◆ EXERCISE BRIEF: Print every line below exactly. Skip the pictures.

◆ DATA:
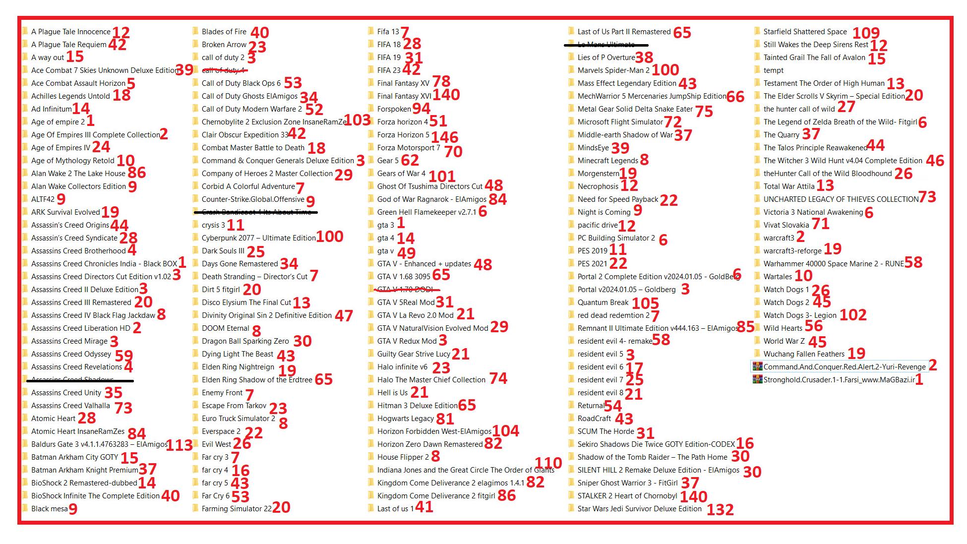 شما میتوانید با توجه به عکس آخر و حجم بازی هایی که کنار آنها به رنگ قرمز نوشته شده، به انتخاب خود بازیهایی که را میخواهید انتخاب کنید
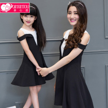时尚亲子装夏装裙子2017新款母女装连衣裙夏季露肩撞色公主裙修身
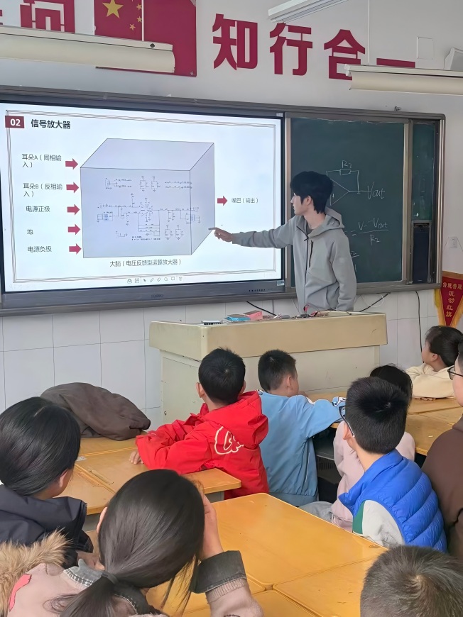 器件产生的电信号微小而复杂,如何让它“说话”?第二位同学以“脑袋”为比喻,讲解了电路系统的作用。他展示了我们项目中的的信号处理模块。当孩子们亲眼看到模拟摔倒动作触发警报灯闪烁时,现场响起了阵阵惊叹。这一环节让青少年认识到,再前沿的科技也离不开扎实的硬件基础,每一个“智能”背后都是精准的电路设计。
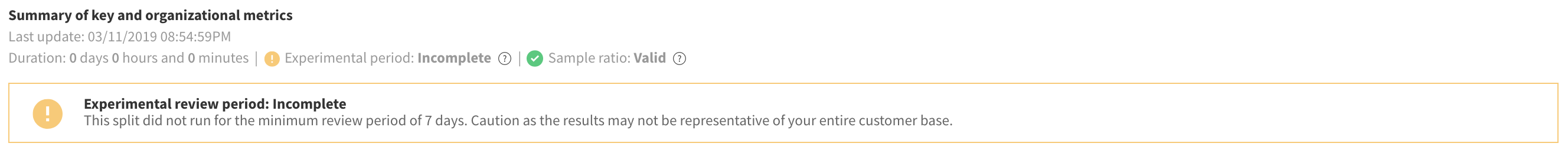 Making conclusions about your metrics impact during set review periods reduces the chance of errors and allows you to account for seasonality in your data. Split always shows your current metrics impact and if your review period has been reached.
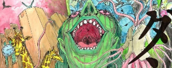 顔だ。巨大な女の顔だ。顎先から頭頂まで実に二メートル超はあるだろうか。それが会議室の奥にどんと鎮座している。無論、生首ではない。首のあたりを見ると床が円形にぶち抜かれている。おそらくは一階、二階を貫通して、この会議室に首だけ出しているのだろう。女——といったが、長い髪や睫毛などからそう判断しただけであって、その表情に女学生の可憐さなどは微塵もなく、とろんと濁った瞳はひん剥かれ、口はだらしなく開け放たれて際限なく床に涎を垂らしている。黒い毛髪もよじれ脂ぎり、べたりと頭皮に張り付いていた。洗顔という概念がないのだろうか。顔全体は垢により黒ずみ、不潔な異臭を放っている。この巨大な首が会議室全体の五分の一の空間を占めていた。(『ダンゲロス1969』より)
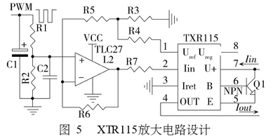 圖(tu)5是實現(xian)流量數(shu)據到電(diàn)流環的(de)DA轉換過(guo)程。MSP430單片(piàn)機❤️輸出(chu)PWM(脈寬調(diao)制)信号(hào),由RC積分(fèn)電路将(jiāng)脈沖信(xin)号轉換(huàn)⚽成連續(xu)的電壓(ya)信号。--級(jí)放大後(hou)送入XTR115電(dian)流變送(song)器,弱電(diàn)壓或電(dian)流信号(hào)經電流(liú)變送器(qi)XTR115放大📞,獲(huò)得4~20mA的标(biāo)準電流(liu)環輸出(chu)。流量或(huo)控制量(liàng)值💁與電(dian)流的對(dui)應關系(xi),由軟件(jian)标定程(cheng)序實現(xian)。

◆ YOUR SOLUTION:
 شما میتوانید با توجه به عکس آخر و حجم بازی هایی که کنار آنها به رنگ قرمز نوشته شده، به انتخاب خود بازیهایی که را میخواهید انتخاب کنید
时尚亲子装夏装裙子2017新款母女装连衣裙夏季露肩撞色公主裙修身
 器件产生的电信号微小而复杂,如何让它“说话”?第二位同学以“脑袋”为比喻,讲解了电路系统的作用。他展示了我们项目中的的信号处理模块。当孩子们亲眼看到模拟摔倒动作触发警报灯闪烁时,现场响起了阵阵惊叹。这一环节让青少年认识到,再前沿的科技也离不开扎实的硬件基础,每一个“智能”背后都是精准的电路设计。
 Making conclusions about your metrics impact during set review periods reduces the chance of errors and allows you to account for seasonality in your data. Split always shows your current metrics impact and if your review period has been reached.
 顔だ。巨大な女の顔だ。顎先から頭頂まで実に二メートル超はあるだろうか。それが会議室の奥にどんと鎮座している。無論、生首ではない。首のあたりを見ると床が円形にぶち抜かれている。おそらくは一階、二階を貫通して、この会議室に首だけ出しているのだろう。女——といったが、長い髪や睫毛などからそう判断しただけであって、その表情に女学生の可憐さなどは微塵もなく、とろんと濁った瞳はひん剥かれ、口はだらしなく開け放たれて際限なく床に涎を垂らしている。黒い毛髪もよじれ脂ぎり、べたりと頭皮に張り付いていた。洗顔という概念がないのだろうか。顔全体は垢により黒ずみ、不潔な異臭を放っている。この巨大な首が会議室全体の五分の一の空間を占めていた。(『ダンゲロス1969』より)
 圖(tu)5是實現(xian)流量數(shu)據到電(diàn)流環的(de)DA轉換過(guo)程。MSP430單片(piàn)機❤️輸出(chu)PWM(脈寬調(diao)制)信号(hào),由RC積分(fèn)電路将(jiāng)脈沖信(xin)号轉換(huàn)⚽成連續(xu)的電壓(ya)信号。--級(jí)放大後(hou)送入XTR115電(dian)流變送(song)器,弱電(diàn)壓或電(dian)流信号(hào)經電流(liú)變送器(qi)XTR115放大📞,獲(huò)得4~20mA的标(biāo)準電流(liu)環輸出(chu)。流量或(huo)控制量(liàng)值💁與電(dian)流的對(dui)應關系(xi),由軟件(jian)标定程(cheng)序實現(xian)。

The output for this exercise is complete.